■ **The problem**:
Only the lines from the one holding "- 지난 1년 동안 엘리 릴리는 평균 0.33%의 자사주를 매입-소각했다." through the end of the material are to be repeated, exactly and without pictures.

■ **Material provided**:
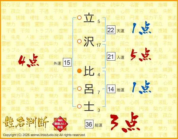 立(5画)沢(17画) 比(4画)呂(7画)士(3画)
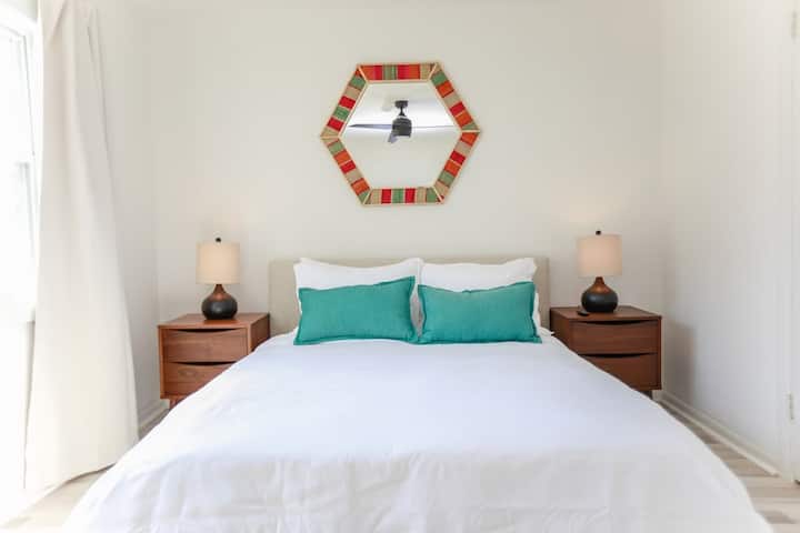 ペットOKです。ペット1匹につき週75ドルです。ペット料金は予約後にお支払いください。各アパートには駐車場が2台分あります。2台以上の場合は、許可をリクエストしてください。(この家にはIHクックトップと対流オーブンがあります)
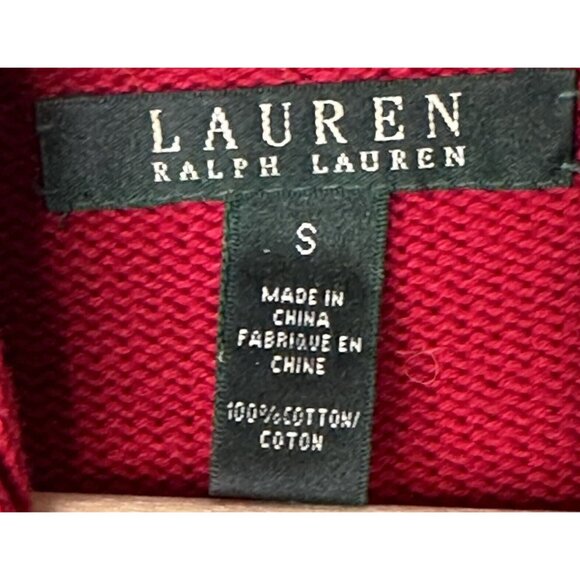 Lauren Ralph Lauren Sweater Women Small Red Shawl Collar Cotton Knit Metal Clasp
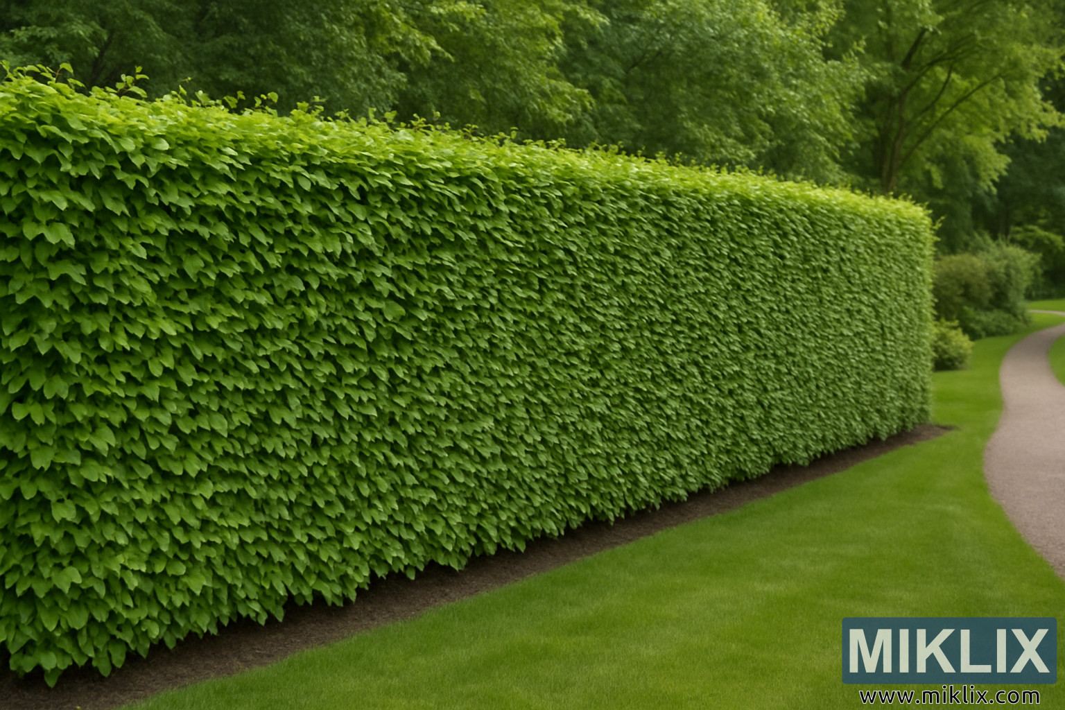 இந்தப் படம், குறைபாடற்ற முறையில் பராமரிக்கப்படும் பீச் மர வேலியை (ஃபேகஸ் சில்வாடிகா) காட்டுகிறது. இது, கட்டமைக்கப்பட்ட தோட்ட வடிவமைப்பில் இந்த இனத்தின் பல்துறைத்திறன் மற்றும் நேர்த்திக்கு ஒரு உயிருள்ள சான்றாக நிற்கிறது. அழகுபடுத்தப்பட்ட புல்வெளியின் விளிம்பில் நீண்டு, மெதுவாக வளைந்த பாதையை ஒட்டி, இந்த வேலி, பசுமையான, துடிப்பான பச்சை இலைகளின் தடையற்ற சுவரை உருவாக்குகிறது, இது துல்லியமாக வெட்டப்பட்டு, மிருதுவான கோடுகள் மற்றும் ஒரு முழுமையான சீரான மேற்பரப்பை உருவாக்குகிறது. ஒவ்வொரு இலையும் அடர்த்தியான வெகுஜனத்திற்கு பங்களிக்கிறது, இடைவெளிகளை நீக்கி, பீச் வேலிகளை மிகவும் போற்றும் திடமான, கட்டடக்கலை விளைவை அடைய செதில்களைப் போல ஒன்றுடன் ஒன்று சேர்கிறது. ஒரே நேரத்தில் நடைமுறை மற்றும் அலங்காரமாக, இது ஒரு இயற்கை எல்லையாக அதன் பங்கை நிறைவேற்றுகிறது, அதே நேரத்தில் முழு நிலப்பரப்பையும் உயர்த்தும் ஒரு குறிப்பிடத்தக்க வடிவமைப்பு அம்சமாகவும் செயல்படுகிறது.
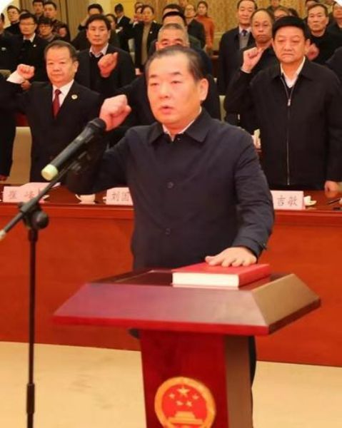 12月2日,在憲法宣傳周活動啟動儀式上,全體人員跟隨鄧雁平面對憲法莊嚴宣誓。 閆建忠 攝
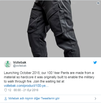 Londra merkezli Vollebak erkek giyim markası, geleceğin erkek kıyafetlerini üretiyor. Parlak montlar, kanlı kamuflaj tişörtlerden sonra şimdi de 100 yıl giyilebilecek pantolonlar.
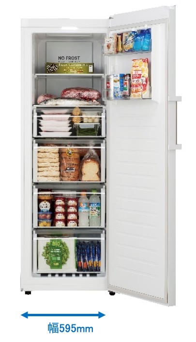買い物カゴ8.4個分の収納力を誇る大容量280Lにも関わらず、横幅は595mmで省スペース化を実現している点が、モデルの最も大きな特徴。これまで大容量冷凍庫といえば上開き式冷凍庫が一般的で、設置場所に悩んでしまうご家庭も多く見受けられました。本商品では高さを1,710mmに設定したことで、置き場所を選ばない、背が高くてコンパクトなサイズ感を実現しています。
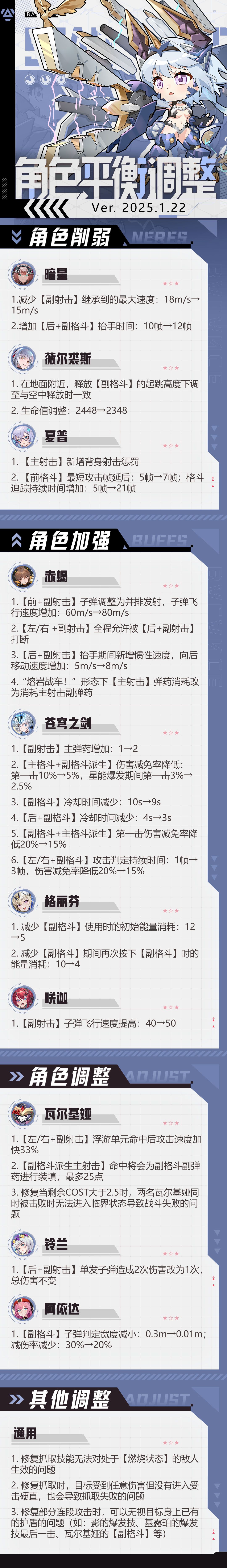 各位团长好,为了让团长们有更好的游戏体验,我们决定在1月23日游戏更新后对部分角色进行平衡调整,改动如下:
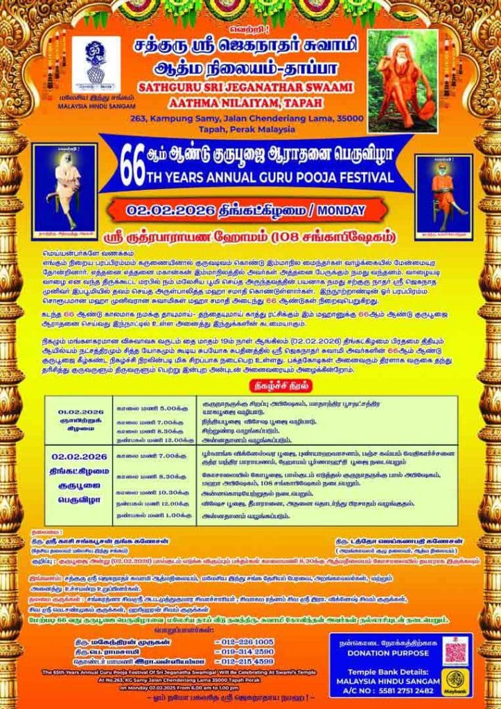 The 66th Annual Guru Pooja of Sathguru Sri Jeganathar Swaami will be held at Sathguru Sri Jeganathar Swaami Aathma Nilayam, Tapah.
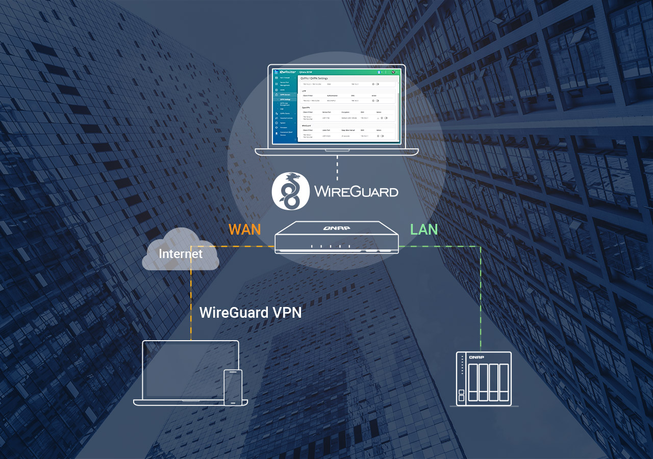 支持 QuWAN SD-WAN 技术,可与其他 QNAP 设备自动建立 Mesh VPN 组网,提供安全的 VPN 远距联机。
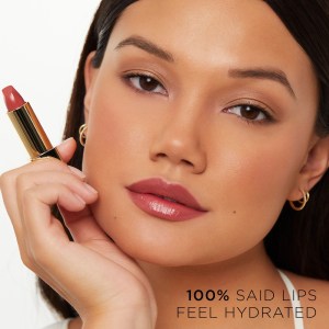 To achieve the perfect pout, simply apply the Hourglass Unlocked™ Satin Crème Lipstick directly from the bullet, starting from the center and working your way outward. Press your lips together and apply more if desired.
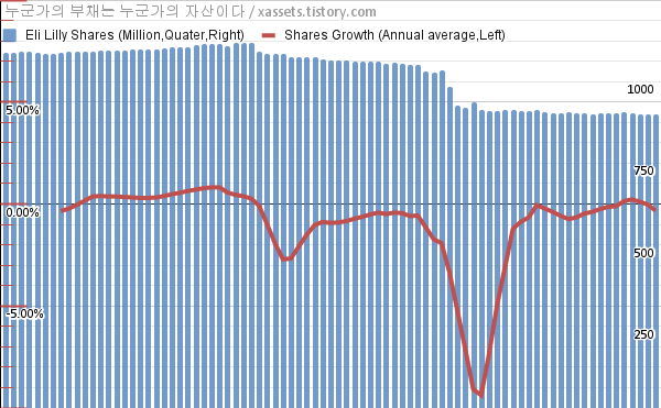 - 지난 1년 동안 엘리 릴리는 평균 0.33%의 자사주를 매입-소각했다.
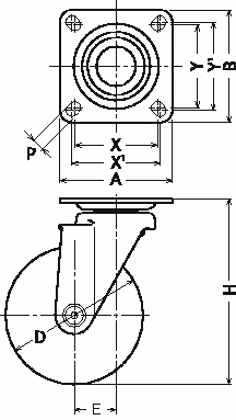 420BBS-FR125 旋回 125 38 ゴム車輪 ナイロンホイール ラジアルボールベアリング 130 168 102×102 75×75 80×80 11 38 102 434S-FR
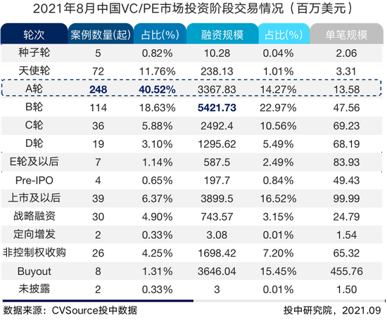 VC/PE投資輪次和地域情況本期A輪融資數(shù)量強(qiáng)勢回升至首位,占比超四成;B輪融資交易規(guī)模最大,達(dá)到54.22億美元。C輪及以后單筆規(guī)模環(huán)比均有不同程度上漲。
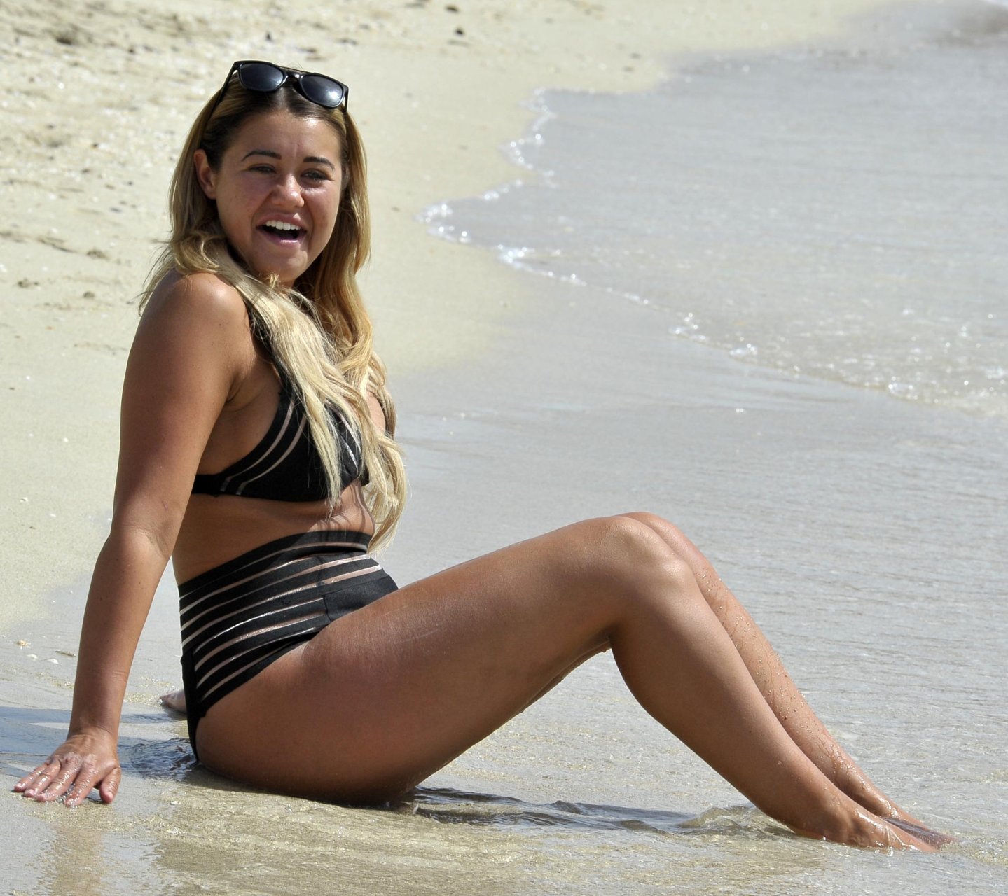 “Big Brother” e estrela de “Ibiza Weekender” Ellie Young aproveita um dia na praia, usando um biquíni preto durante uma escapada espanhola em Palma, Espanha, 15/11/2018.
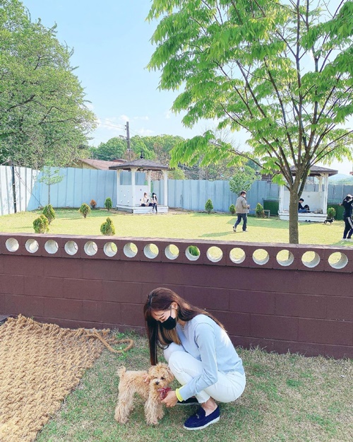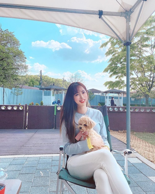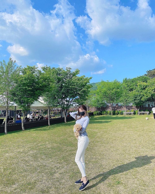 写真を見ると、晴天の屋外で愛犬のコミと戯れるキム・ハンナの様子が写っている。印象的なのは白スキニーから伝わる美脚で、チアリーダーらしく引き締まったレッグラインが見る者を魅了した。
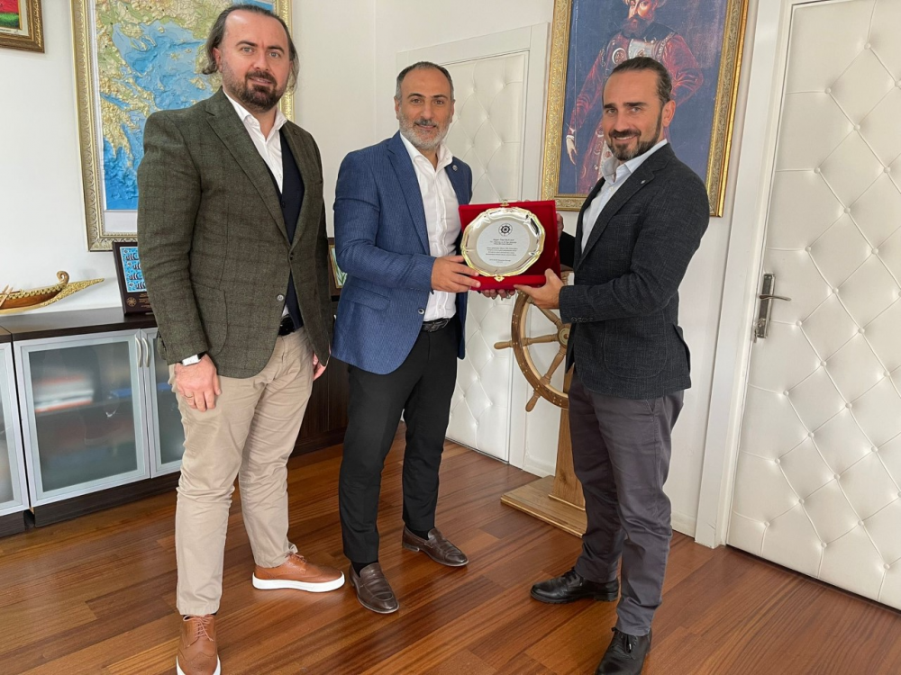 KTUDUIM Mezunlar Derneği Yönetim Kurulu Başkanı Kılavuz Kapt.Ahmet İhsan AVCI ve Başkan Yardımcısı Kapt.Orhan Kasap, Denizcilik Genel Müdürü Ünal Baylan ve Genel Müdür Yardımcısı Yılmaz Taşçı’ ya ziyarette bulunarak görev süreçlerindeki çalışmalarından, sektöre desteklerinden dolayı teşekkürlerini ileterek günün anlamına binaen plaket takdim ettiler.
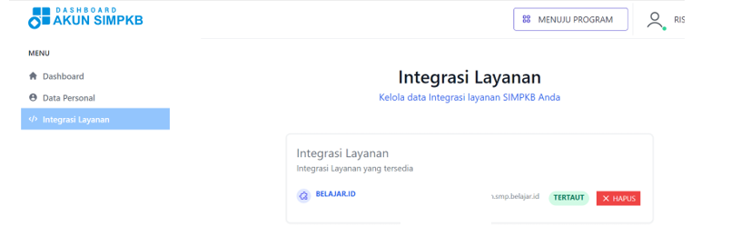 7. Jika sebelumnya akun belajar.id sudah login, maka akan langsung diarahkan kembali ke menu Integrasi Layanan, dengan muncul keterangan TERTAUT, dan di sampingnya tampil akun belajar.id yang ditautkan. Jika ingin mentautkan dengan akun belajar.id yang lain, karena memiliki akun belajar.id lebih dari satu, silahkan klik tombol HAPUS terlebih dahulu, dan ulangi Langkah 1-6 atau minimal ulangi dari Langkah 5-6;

■ **Answer to this exercise**:
 - 지난 1년 동안 엘리 릴리는 평균 0.33%의 자사주를 매입-소각했다.
 420BBS-FR125 旋回 125 38 ゴム車輪 ナイロンホイール ラジアルボールベアリング 130 168 102×102 75×75 80×80 11 38 102 434S-FR
 VC/PE投資輪次和地域情況本期A輪融資數(shù)量強(qiáng)勢回升至首位,占比超四成;B輪融資交易規(guī)模最大,達(dá)到54.22億美元。C輪及以后單筆規(guī)模環(huán)比均有不同程度上漲。
 “Big Brother” e estrela de “Ibiza Weekender” Ellie Young aproveita um dia na praia, usando um biquíni preto durante uma escapada espanhola em Palma, Espanha, 15/11/2018.
 写真を見ると、晴天の屋外で愛犬のコミと戯れるキム・ハンナの様子が写っている。印象的なのは白スキニーから伝わる美脚で、チアリーダーらしく引き締まったレッグラインが見る者を魅了した。
 KTUDUIM Mezunlar Derneği Yönetim Kurulu Başkanı Kılavuz Kapt.Ahmet İhsan AVCI ve Başkan Yardımcısı Kapt.Orhan Kasap, Denizcilik Genel Müdürü Ünal Baylan ve Genel Müdür Yardımcısı Yılmaz Taşçı’ ya ziyarette bulunarak görev süreçlerindeki çalışmalarından, sektöre desteklerinden dolayı teşekkürlerini ileterek günün anlamına binaen plaket takdim ettiler.
 7. Jika sebelumnya akun belajar.id sudah login, maka akan langsung diarahkan kembali ke menu Integrasi Layanan, dengan muncul keterangan TERTAUT, dan di sampingnya tampil akun belajar.id yang ditautkan. Jika ingin mentautkan dengan akun belajar.id yang lain, karena memiliki akun belajar.id lebih dari satu, silahkan klik tombol HAPUS terlebih dahulu, dan ulangi Langkah 1-6 atau minimal ulangi dari Langkah 5-6;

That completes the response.